Dodsworth
- First edition
- Author: Sinclair Lewis
- Language: English
- Publisher: Harcourt Brace & Company
- Publication date: 1929
- Publication place: United States
- Media type: Print (hardback & paperback)
- Text: Dodsworth online

= Dodsworth (novel) =

1929 novel by Sinclair Lewis

Dodsworth is a satirical novel by American writer Sinclair Lewis, first published by Harcourt Brace & Company on March 14, 1929. Its subject, the differences between US and European intellect, manners, and morals, is one that frequently appears in the works of Henry James. In 1936 it was made into a movie, Dodsworth, which received seven Academy Award nominations and has been regarded as historically significant by the Library of Congress.

==Plot==
The novel is set in the period between late 1925 and late 1927. Samuel ('Sam') Dodsworth is an ambitious and innovative automobile designer, who builds his fortunes in fictional Zenith, Winnemac, through the success of his Revelation Motor Company. Along the way, he courted and won the hand of Frances 'Fran' Voelker, a beautiful young socialite. Deciding to retire while he is still capable of enjoying his leisure, he sells out at fifty and sets out to pursue a dream he'd never allowed himself the time to realize: a leisurely trip to Europe with his wife, with aspirations to visit some manufacturing plants looking for his next challenge. His forty-one-year-old wife, however, motivated by her own vanity and fear of lost youth, is dissatisfied with married life and small town Zenith, and wants to live in Europe permanently as an expatriate, not just visit for a few months. The Dodsworths set sail for Europe, and their marriage begins to unravel.

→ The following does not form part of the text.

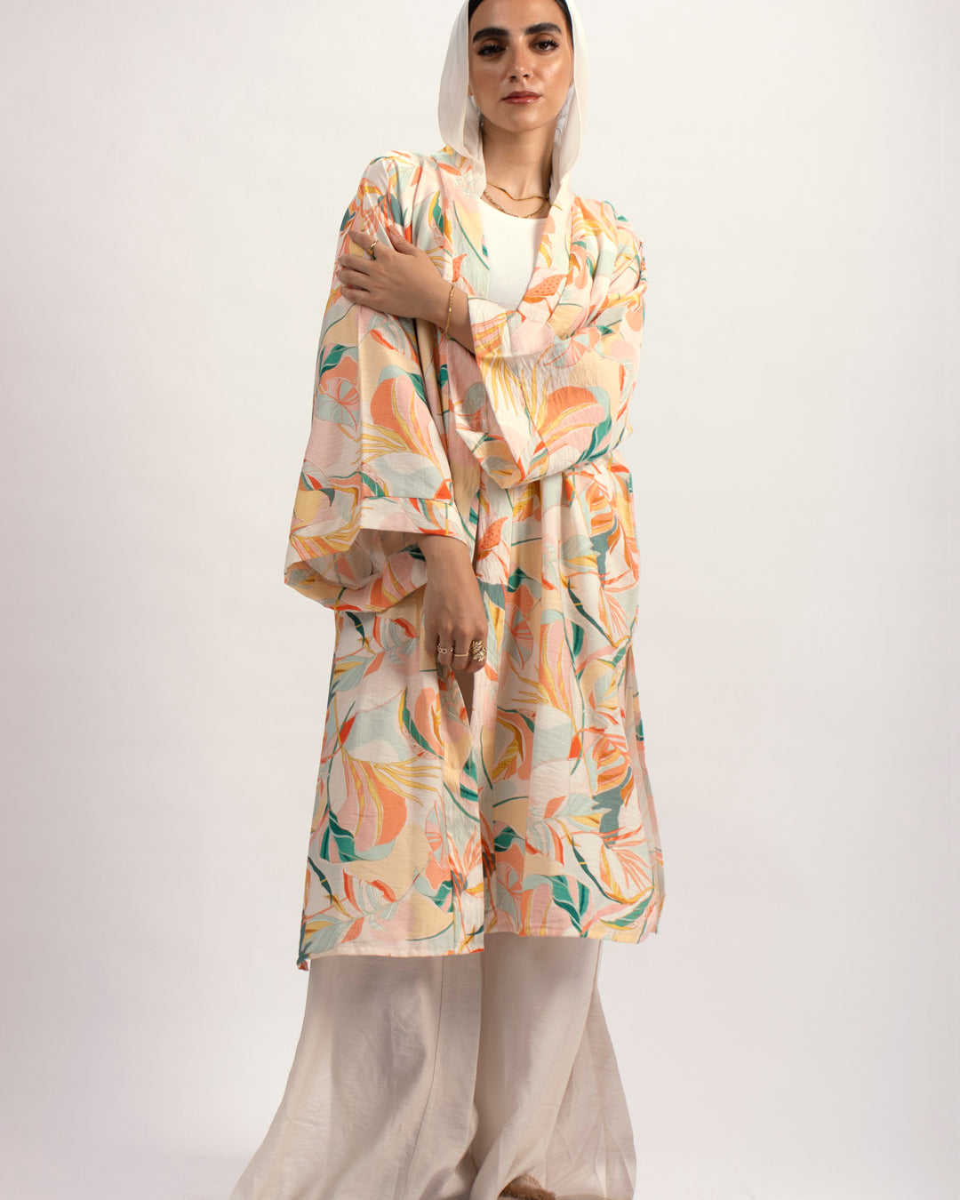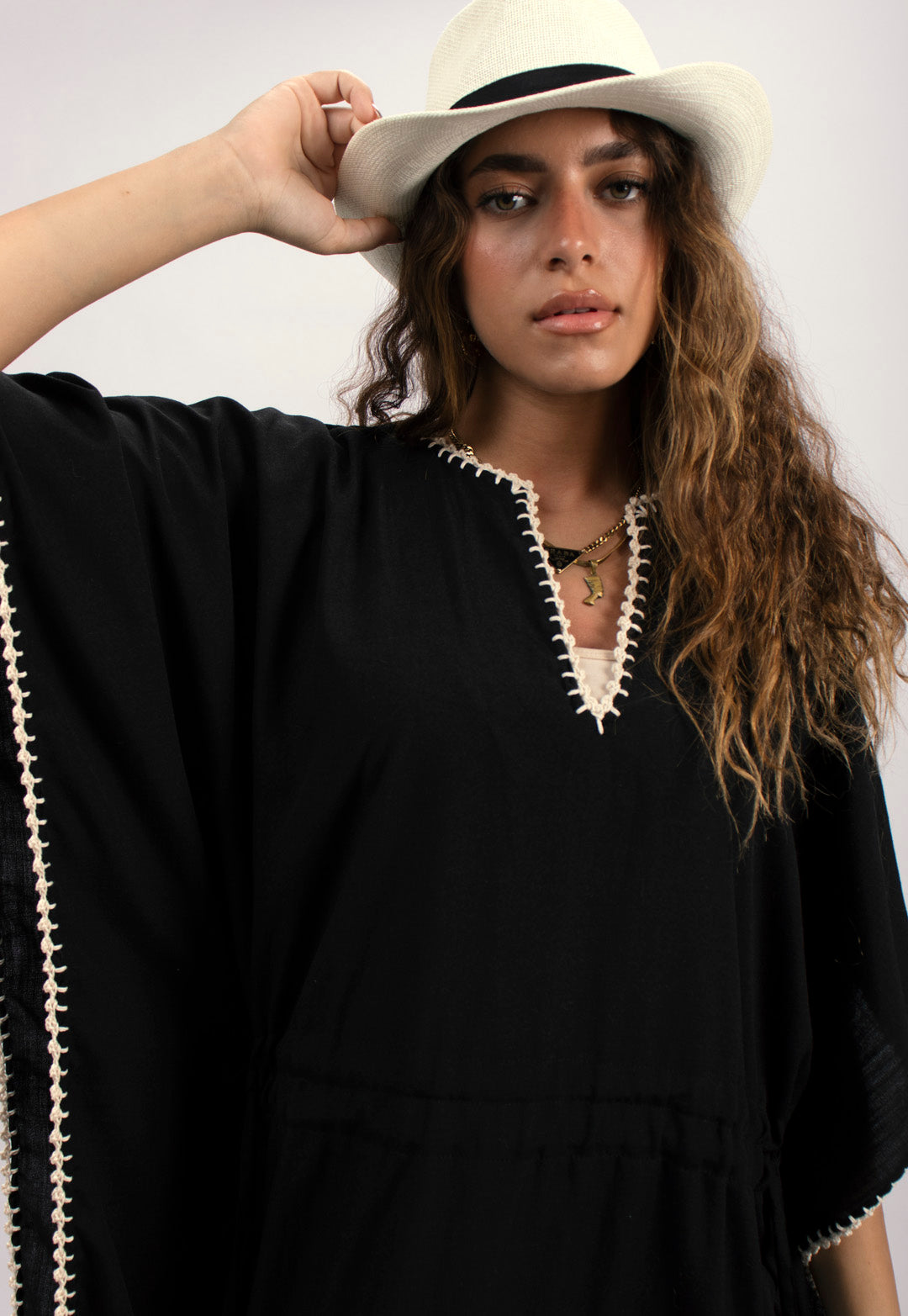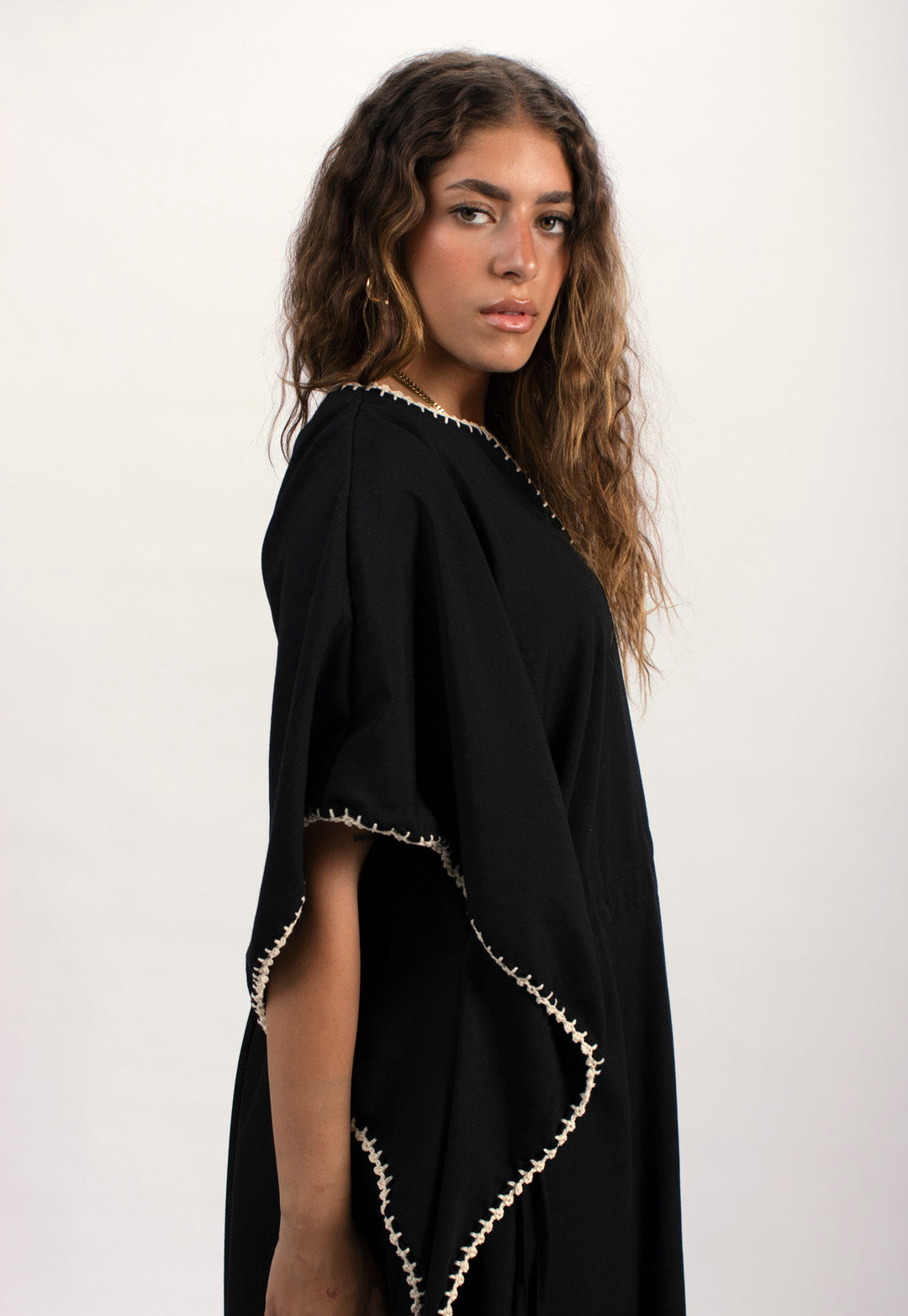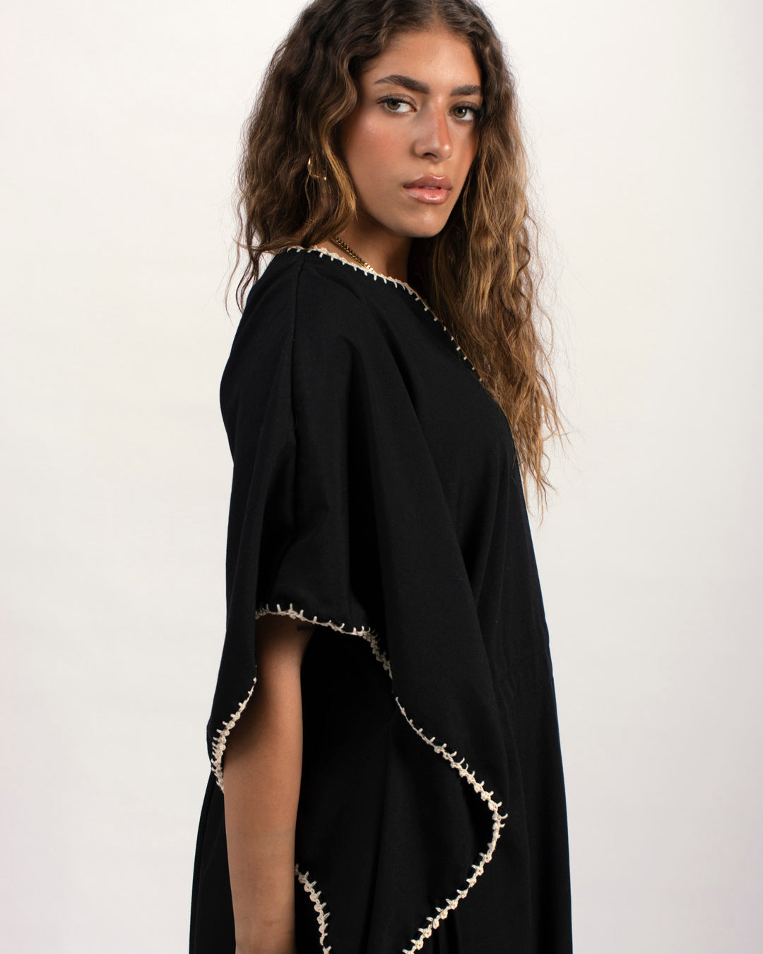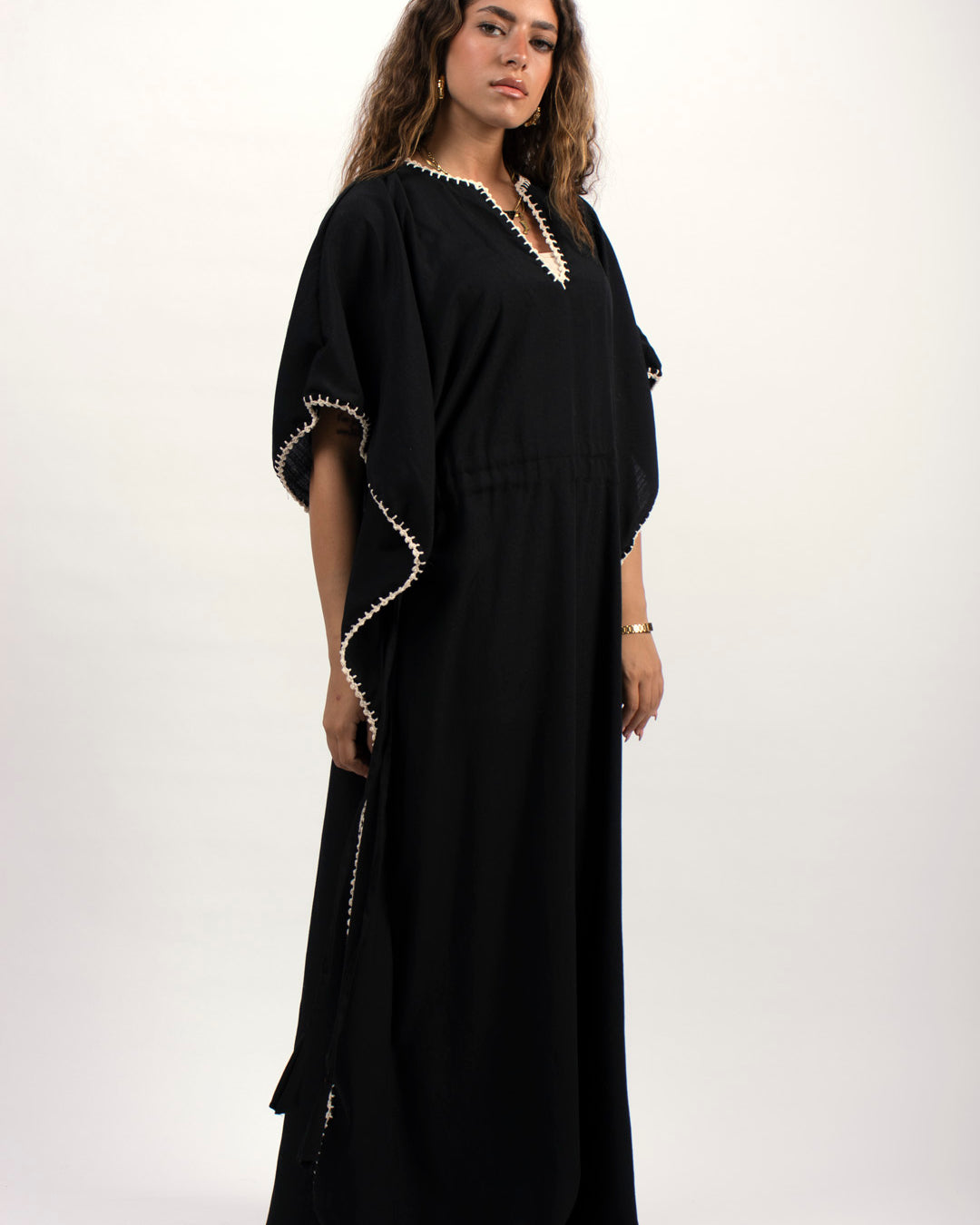 Handtrimmed Kaftan Dress – White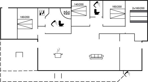 Das Ferienhaus verfügt über vier Schlafzimmer, die alle in einem leicht versetzten Bereich zum Wohnraum liegen, was eine praktische Aufteilung von Wohn- und Schlafbereichen ermöglicht. Eines der Zimmer bietet Platz für vier Personen, und als besonderes Detail gibt es ein gemütliches offenes Obergeschoss, der vom versetzten Geschoss aus zugänglich ist. Hier können die Kinder ihre eigene kleine Höhle haben, oder du kannst das offene Obergeschoss als zusätzliche Schlafgelegenheit nutzen. Nach einem Tag am kinderfreundlichen Strand von Binderup, der nur wenige Schritte entfernt liegt, kannst du dich im hauseigenen Whirlpool für zwei Personen oder in der Sauna verwöhnen – hier steht die Entspannung im Mittelpunkt.

In their extensive travels across Europe, they are soon caught up in vastly different lifestyles. Fran falls in with a crowd of frivolous socialites, while Sam plays more of an independent tourist. 'With his red Baedeker guide book in hand, he visits such well-known tourist attractions as Westminster Abbey, Notre Dame Cathedral, Sanssouci Palace, and the Piazza San Marco. But the historic sites that he sees prove to be far less significant than the American expatriates that he meets on his extensive journeys across Great Britain and continental Europe' He meets Edith Cortright, an expatriate American widow in Venice, who is everything his wife is not: self-assured, self-confident, selfless, and self-reliant. As Sam and Fran follow their own pursuits, their relationship is strained to the breaking point. Both are forced to choose between marriage and the new lifestyles they have embraced.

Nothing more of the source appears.